Correlation Between COMINTL BANK and Kaiser Aluminum
Can any of the company-specific risk be diversified away by investing in both COMINTL BANK and Kaiser Aluminum at the same time? Although using a correlation coefficient on its own may not help to predict future stock returns, this module helps to understand the diversifiable risk of combining COMINTL BANK and Kaiser Aluminum into the same portfolio, which is an essential part of the fundamental portfolio management process.

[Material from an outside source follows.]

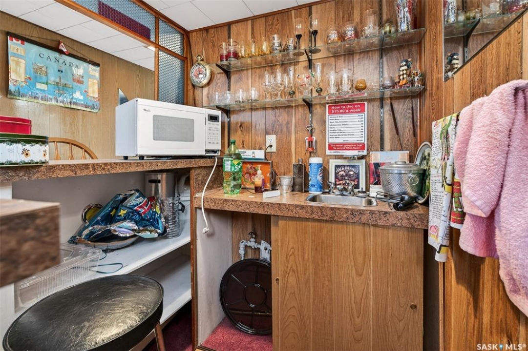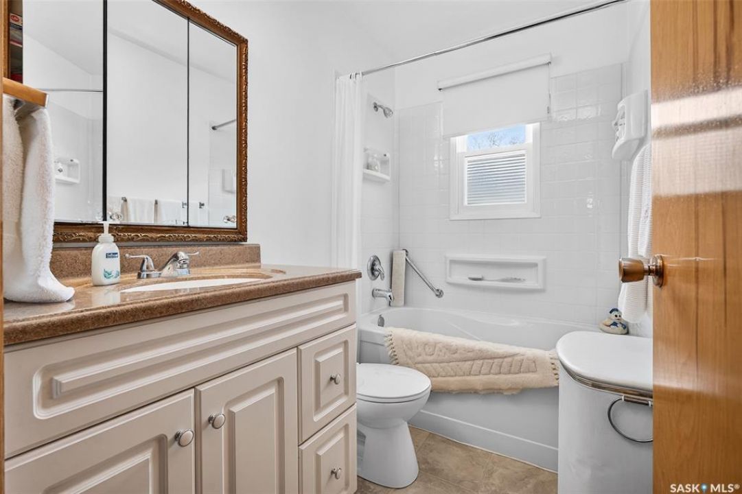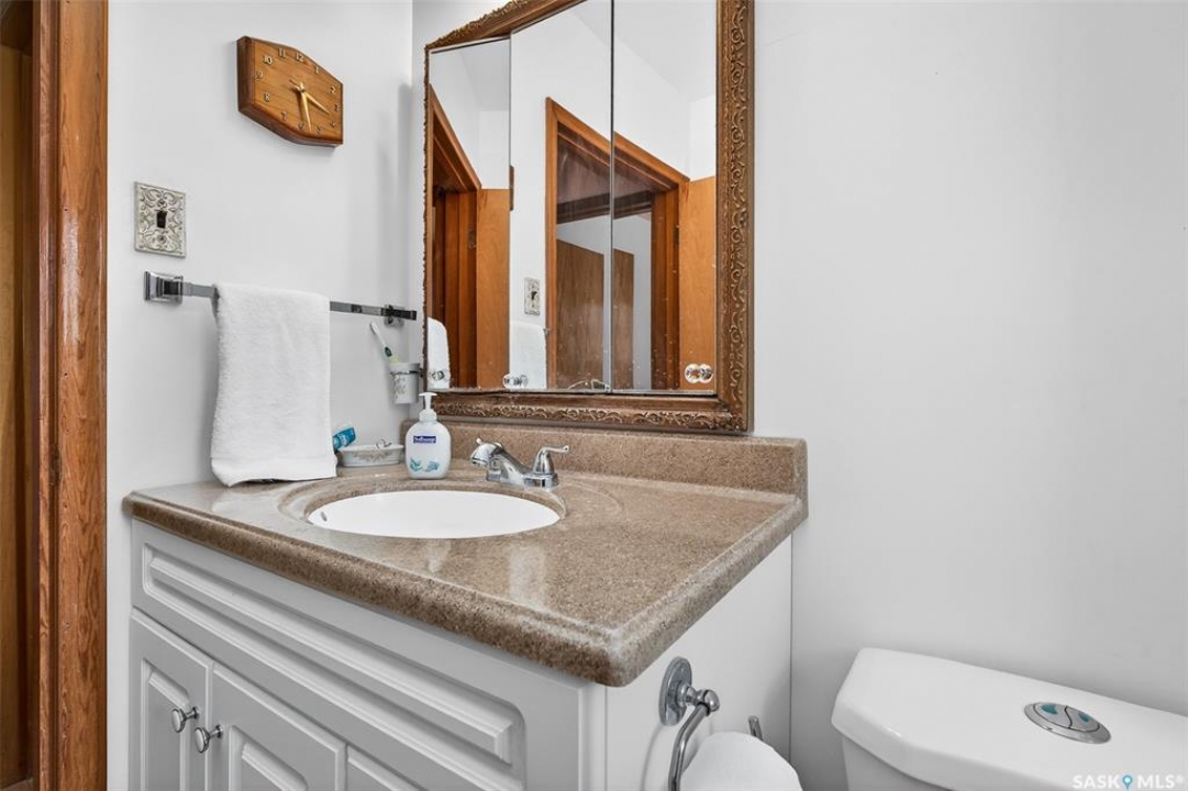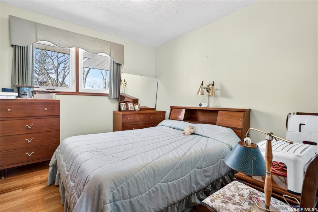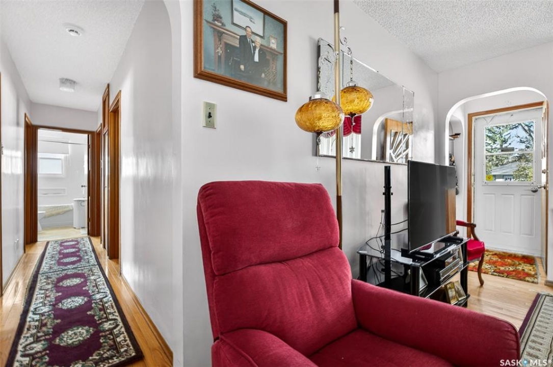 This well-maintained 1,052 sq. ft. raised bungalow offers excellent curb appeal with its crisp white siding and upgraded rubber-paved sidewalks. Inside, you'll find a spacious kitchen featuring classic oak cabinetry, complemented by a formal dining room that flows seamlessly into the bright and inviting living room—perfect for everyday living and entertaining. The main level hosts three comfortable bedrooms and a full four-piece bathroom. Downstairs, the fully developed basement boasts a generous L-shaped family room complete with a wet bar, along with a three-piece bathroom conveniently located in the laundry area and ample storage space throughout. Outside, the partially fenced yard includes a covered patio, underground sprinklers (both front and back yards), 19 x 25 detached garage and additional rear parking, providing both functionality and convenience.

By analyzing existing cross correlation between COMINTL BANK ADR1 and Kaiser Aluminum, you can compare the effects of market volatilities on COMINTL BANK and Kaiser Aluminum and check how they will diversify away market risk if combined in the same portfolio for a given time horizon. You can also utilize pair trading strategies of matching a long position in COMINTL BANK with a short position of Kaiser Aluminum. Check out your portfolio center. Please also check ongoing floating volatility patterns of COMINTL BANK and Kaiser Aluminum.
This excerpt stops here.